Pipelines & jobs
"Pipeline" is the object in Allonia platform that let you design and manage an advanced pipeline for complex data, task, & model processing.
These Pipelines will be instanced into "Jobs" that will execute them, manually or scheduled, based on the pipeline configuration.
Pipelines
Pipeline creation
You can create a pipeline from the "Pipeline" menu and edit it.
|
You can also create a complete Pipeline with a single Module directly from a Notebook for which you have further information in related section here. |
Pipeline description as Allonia language
Allonia language is a simple data processing Pipeline description format based on YAML syntax. It contains two parts:
-
Data nodes: list of data sets used as part of the pipeline, whether input, intermediate or output.
-
Processing nodes: list of Modules (as processing steps or tasks) as part of the pipeline.
|
You can check for further information about how to create and manage Modules in related section here. |
Processing nodes have input data nodes and output data nodes, thus allowing to declare dependencies. The nodes chained in this way constitute a graph, pipeline’s graph.
Write a Pipeline
Basic pipeline description example:
dataNodes:
data_node_1: (1)
source: my_input.csv (3)
data_node_2: (2)
source: my_output.csv (3)
processNodes:
process_node_1: (4)
input: (5)
- data_node_1
output: (6)
- data_node_2
processor: my_module (7)
Description:
| 1 | Declaration of the first data node |
| 2 | Declaration of the second data node |
| 3 | Dame of the data sets |
| 4 | Declaration of a single processing node |
| 5 | Configuration of input for the processing node, here we reference the first data node |
| 6 | Configuration of output for the processing node, here we reference the second data node |
| 7 | Name of the Module |
So, the effective graph for this simple pipeline is: my_input.csv → my_module → my_output.csv
Example with multitasking:
dataNodes:
data_node_1:
source: my_input.csv
data_node_2:
source: intermediate.csv
data_node_3:
source: my_output.csv
processNodes:
process_node_1:
input:
- data_node_1
output:
- data_node_2
processor: my_first_task
process_node_2:
input:
- data_node_2
output:
- data_node_3
processor: my_second_task
So, the effective graph for this two-tasks pipeline is: my_input.csv → my_first_task → intermediate.csv → my_second_task → my_output.csv
Example with a task having multiple inputs and outputs:
processNodes:
task1:
input:
- data1
- data2
- data3
output:
- data4
- data5
processor: my_module
This task will read 3 input data sets, and write 2 output data sets.

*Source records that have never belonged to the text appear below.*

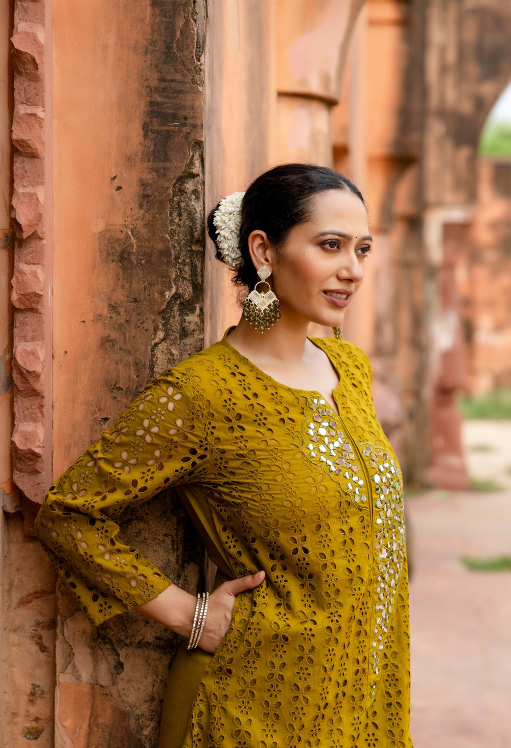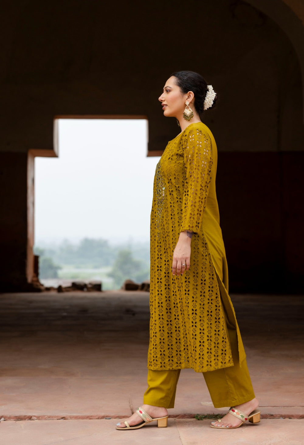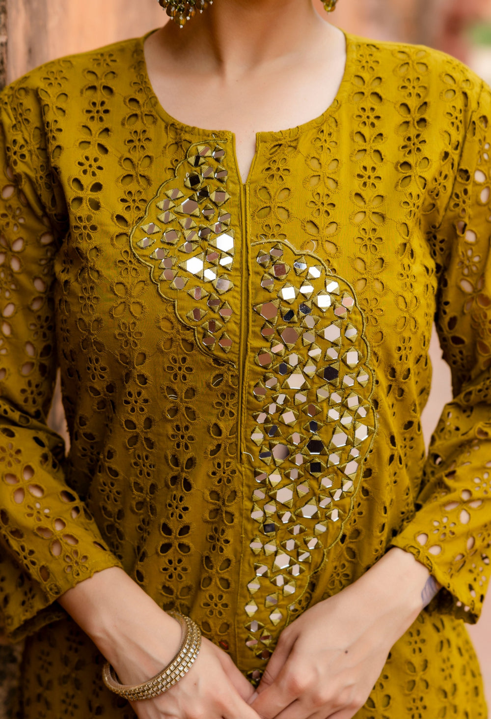 This beautiful cotton Schiffli kurta set features intricate real mirror work detailing, adding a touch of elegance. The kurta has pockets for added convenience. Made from super-soft and comfortable pure cotton fabric, this set includes an A-line Schiffli work kurta paired with smart pants. Perfect for all occasions, this kurta set is a versatile and stylish addition to your wardrobe.
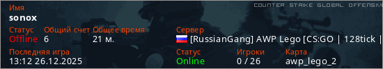 Играет на Counter Strike Global Offensive сервере. Страна: РоссияПервый раз замечен 20:03 16.09.2025
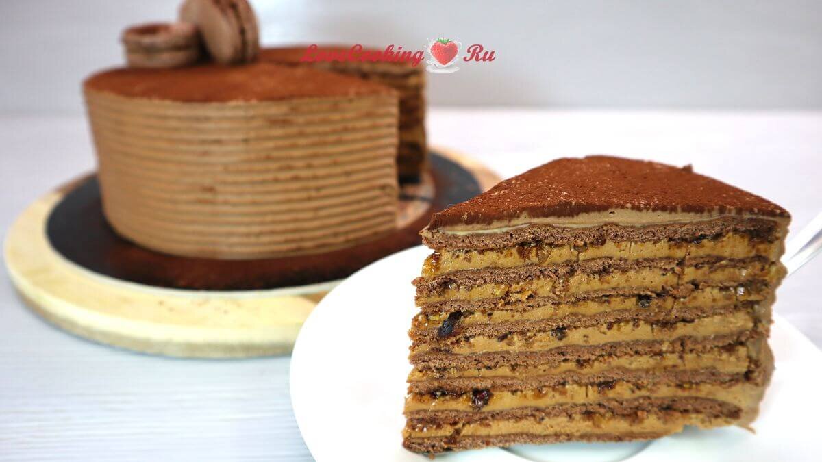 Шоколадно-кофейный торт с карамелизированными орехами приготовим без духовки. Шоколадные коржи будем выпекать на сковороде, это не займёт много времени и сил. Для коржей используем кофейную пропитку, прослоим шоколадным кремом и карамелизированными орехами. Покрывала я торт кофейным ганашем, тем, что готовила для начинки шоколадных макарон из прошлой публикации. Такой торт на сковороде очень выручит, если у вас нет духовки. КБЖУ на 100 г примерно: 407/6/27/35. Ингредиенты Торт весом около 1,8 кг, высотой 8 см, диаметром 18 см: Шоколадное тесто (8 коржей 18см): 170 г сметаны 1 неполная ч.л. соды 120 г сахара 300 г пшеничной муки 25 г какао-порошка Кофейная пропитка: 100 мл сливок или молока 1 ч.л. сублимированного кофе 1 ст.л. рома/коньяка 1 ч.л. сгущённого молока Карамелизированные орехи: 120 г орехов (у меня миндаль, фундук и арахис) 20 мл воды 60 г сахара 10 г сливочного масла Шоколадный крем: 130 г сливочного масла комнатной температуры 250 г варёного сгущённого молока комнат
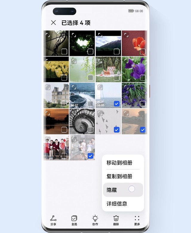 2、轻松隐藏相册,你的隐私你做主。在图库 APP,除了隐藏单个相册,你还可以选择一次隐藏单张或多张的图片 /视频,隐私保护,更稳妥。
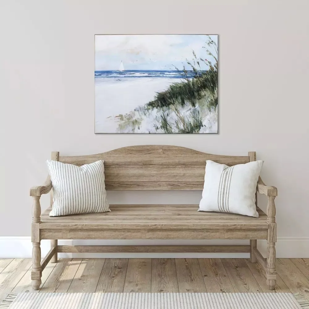 Lovely seascape image on a stretched canvas that has been finished with a wood look frame.

Parse Pipeline informations and use it in Python code
You can parse informations passed through the datanodes & processnodes to use it inside Modules with the dedicated aleialib.processor python librarie. It will let you develop generic modules that will be able to parse data content from Pipelines description.
How to use assets described in Allonia language in python code:
from aleialib import processor
from aleialib import s3
input_data, output_data = processor.fetch_datanodes_information()
# use name of the first input dataNode, read object from Allonia S3
data = s3.load_file(input_data[0])
Schedule a Pipeline
Scheduling a pipeline can be done directly through the configuration file, with the cron schedule expression. Cron expression editor can be found online to make things easier: https://crontab.guru/
Example for a pipeline that will be executed each day at 10:05am on “Europe/Paris” time zone:
dataNodes:
data_node_1:
source: my_input.csv
data_node_2:
source: my_output.csv
processNodes:
process_node_1:
input:
- data_node_1
output:
- data_node_2
processor: my_module
schedule:
schedule_interval: "5 10 * * *"
start_date: "2022-01-01 00:00"
end_date: "2022-12-31 00:00"
timezone: "Europe/Paris"
Manage specific requirements
As you can manage librarie setup by default for a whole track (see Python package management related section here), sometimes you will want to manage specific requirements for a Pipeline to initialize it faster, without using all libraries.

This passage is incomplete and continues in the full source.